Eli Roth's contribution is a promo for the slasher opus Thanksgiving. Produced in the style of holiday-based slasher films such as Halloween, Silent Night, Deadly Night, April Fool's Day and My Bloody Valentine, the trailer starred Jeff Rendell as a killer who stalks victims dressed as a pilgrim, Jordan Ladd, Jay Hernandez, and Roth himself as his intended victims, and Michael Biehn as the Sheriff. The design for the titles in Thanksgiving was based on a Mad magazine slasher parody entitled Arbor Day. Select excerpts of the score from Creepshow were used.

According to Roth, "My friend Jeff, who plays the killer pilgrim—we grew up in Massachusetts, we were huge slasher movie fans and every November we were waiting for the Thanksgiving slasher movie. We had the whole movie worked out: A kid who's in love with a turkey and then his father killed it and then he killed his family and went away to a mental institution and came back and took revenge on the town. I called Jeff and said, 'Dude, guess what, we don't have to make the movie, we can just shoot the best parts.'" "Shooting the trailer was so much fun," Roth has stated, "because every shot is a money shot. Every shot is decapitation or nudity. It's so ridiculous, it's absurd. It's just so wrong and sick that it's right."

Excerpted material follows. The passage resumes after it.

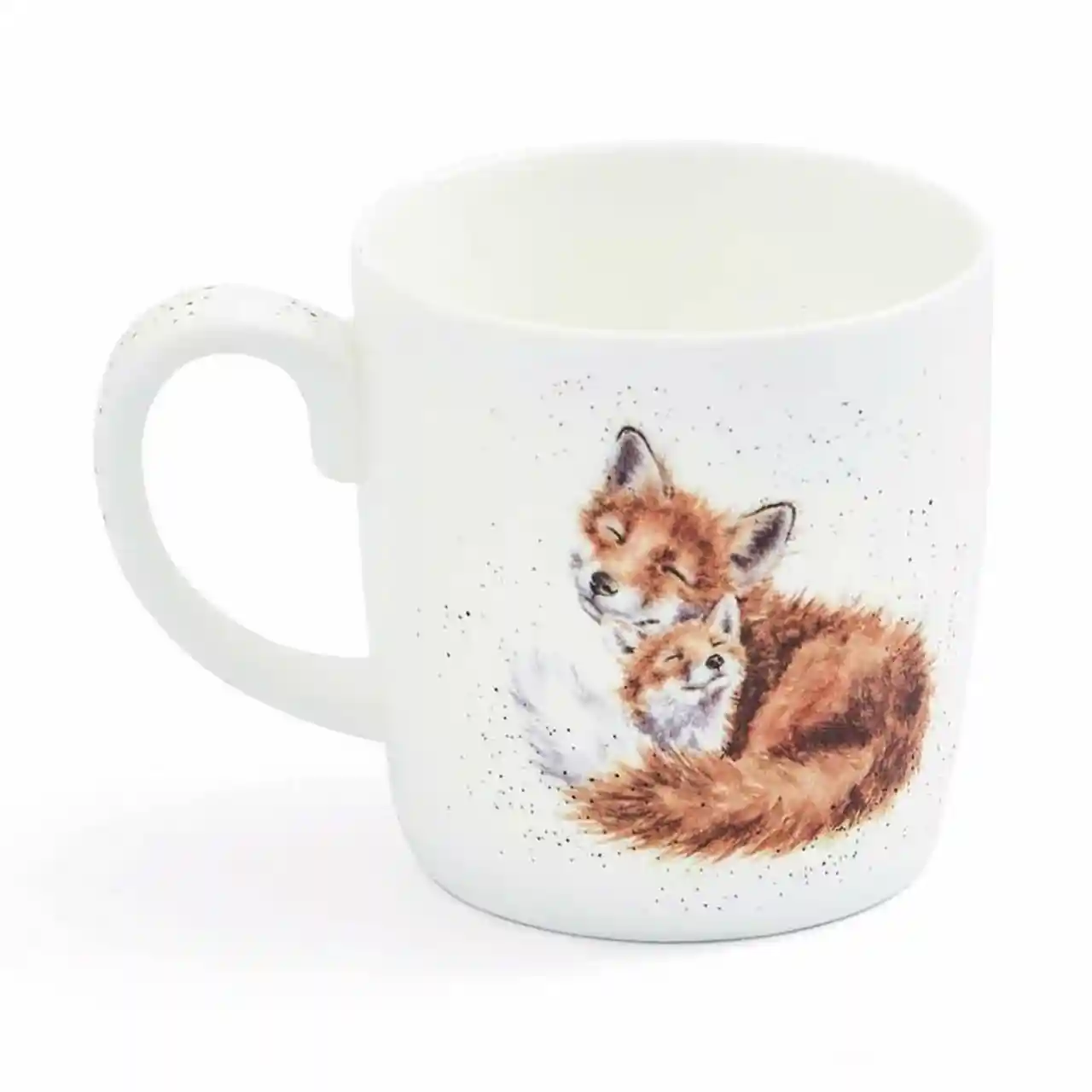 Het gedetailleerde ontwerp van deze theemok toont een jonge en moeder vos op de voorkant die elkaar lief verwarmen. Met aan de binnenkant van de mok de tekst ”Mum”.

Roth's fake trailer contained elements that almost earned Grindhouse an NC-17 rating, including a cheerleader simultaneously stripping and bouncing on a trampoline, and three decapitations, one of which occurring as the victim's girlfriend performs fellatio on him. According to Roth, "Instead of seeing it spread out in a feature, watching it all jammed together nonstop makes it more shocking. But we had a great discussion with the ratings board. They got it. Once they saw it with all the bad splices and the distress and scratches they were fine with it."



Hobo With a Shotgun

Some screenings of Grindhouse (mainly in Canada) also featured a fake trailer for a film titled Hobo With A Shotgun. The trailer is the winner of Robert Rodriguez's South by Southwest Grindhouse trailers contest and was created by Dartmouth, Nova Scotia filmmakers Jason Eisener, John Davies, and Rob Cotterill. The general plot is that a vagabond with a 20-gauge shotgun is taking the law into his own hands. In the trailer the main character is seen killing numerous persons ranging from armed robbers, corrupt cops to a pedophilic Santa Claus. The trailer was available in certain selected movie theaters in the United States and Canada. There have been discussions about making the trailer into an actual movie.